> [Material provided]
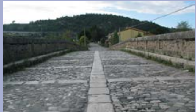
Benevento: Il ponte Leproso sulla Via Appia.

In basso: "Il ponte Leproso sul fiume Sabato a Benevento", acquerello di Carlo Labruzzi (Roma 1747 - Perugia 1817), realizzato durante il viaggio lungo la "Regina Viarum" intrapreso con Sir Richard Colt Hoare nell'ottobre del 1789
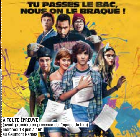
À TOUTE ÉPREUVE (avant-première en présence de l'équipe du film) mercredi 18 juin à 16h au Gaumont Nantes
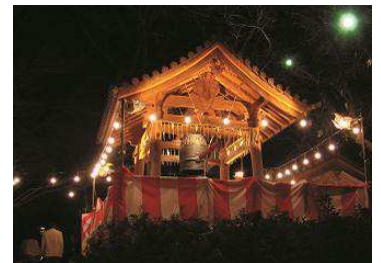
日本庭園の鐘 (大晦日)

> [Exercise details] Output the material word for word. Pictures do not go in.

> [Task output]
Benevento: Il ponte Leproso sulla Via Appia.

In basso: "Il ponte Leproso sul fiume Sabato a Benevento", acquerello di Carlo Labruzzi (Roma 1747 - Perugia 1817), realizzato durante il viaggio lungo la "Regina Viarum" intrapreso con Sir Richard Colt Hoare nell'ottobre del 1789
À TOUTE ÉPREUVE (avant-première en présence de l'équipe du film) mercredi 18 juin à 16h au Gaumont Nantes
日本庭園の鐘 (大晦日)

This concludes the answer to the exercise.